Après une première exposition à Paris en 2012, suivie d’un passage remarqué à Art/Afrique à la Fondation Louis Vuitton en 2017, la puissance des photographies de l’activiste visuel·le Zanele Muholi est à découvrir à la maison parisienne consacrée à la photographie, jusqu’au 21 mai 2023. Cette rétrospective, une première en France, rassemble plus de 200 photographies, vidéos et installations créées depuis le début des années 2000, ainsi que de nombreux documents d’archives.
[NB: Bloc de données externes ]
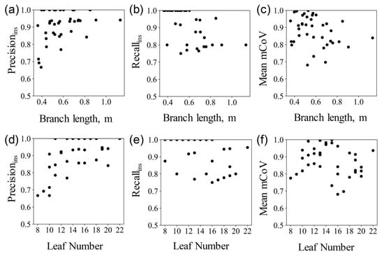 Distribution of the single leaf segmentation evaluation metrics with branch length and number of leaves. Each subfigure shows Precisionins, Recallins, and mean mCov of each sample with different branch length (subfigures (a–c)) and leaf number (subfigures (d–f)), respectively.

Mettre en lumière la communauté noire LGBTQIA+ d’Afrique du Sud
Alors même que L’Afrique du Sud a intégré les droits des minorités LGBTQIA+ dans la déclaration des droits postapartheid en 1996, les populations queer ou s’identifiant comme telle restent fortement discriminées et persécutées dans un pays encore en pleine reconstruction identitaire post-coloniale. Que faire quand on compte les victimes d’actes homophobes et transphobes, jour après jour ? L’activiste visuel·le non-binaire Zanele Muholi a choisi de brandir l’objectif de son appareil photo afin de non seulement documenter ces vies en résilience mais aussi célébrer les membres d’une communauté qui reste fière malgré l’adversité.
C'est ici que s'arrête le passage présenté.